** Provided records **
####
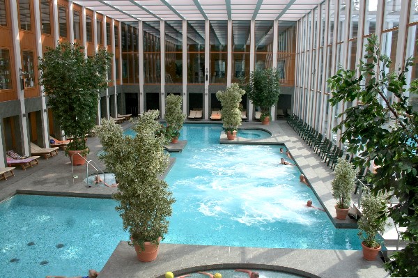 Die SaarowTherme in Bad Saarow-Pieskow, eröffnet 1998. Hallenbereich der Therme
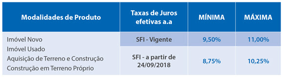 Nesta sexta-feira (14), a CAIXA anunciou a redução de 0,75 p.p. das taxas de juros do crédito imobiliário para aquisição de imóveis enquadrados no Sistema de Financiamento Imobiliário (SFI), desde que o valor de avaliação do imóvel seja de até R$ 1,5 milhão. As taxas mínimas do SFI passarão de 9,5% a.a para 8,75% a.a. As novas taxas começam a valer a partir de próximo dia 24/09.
####
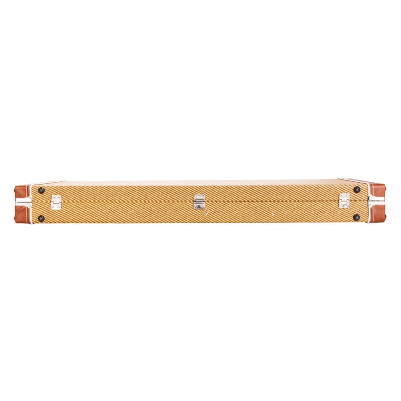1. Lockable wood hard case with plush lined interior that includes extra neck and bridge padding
####
** Task brief **
Repeat exactly the lines above, from the line that contains "Die SaarowTherme in" down through the line that contains "Nesta sexta-feira (14), a". Include both of those lines and none of the pictures.

** Task answer **
 Die SaarowTherme in Bad Saarow-Pieskow, eröffnet 1998. Hallenbereich der Therme
 Nesta sexta-feira (14), a CAIXA anunciou a redução de 0,75 p.p. das taxas de juros do crédito imobiliário para aquisição de imóveis enquadrados no Sistema de Financiamento Imobiliário (SFI), desde que o valor de avaliação do imóvel seja de até R$ 1,5 milhão. As taxas mínimas do SFI passarão de 9,5% a.a para 8,75% a.a. As novas taxas começam a valer a partir de próximo dia 24/09.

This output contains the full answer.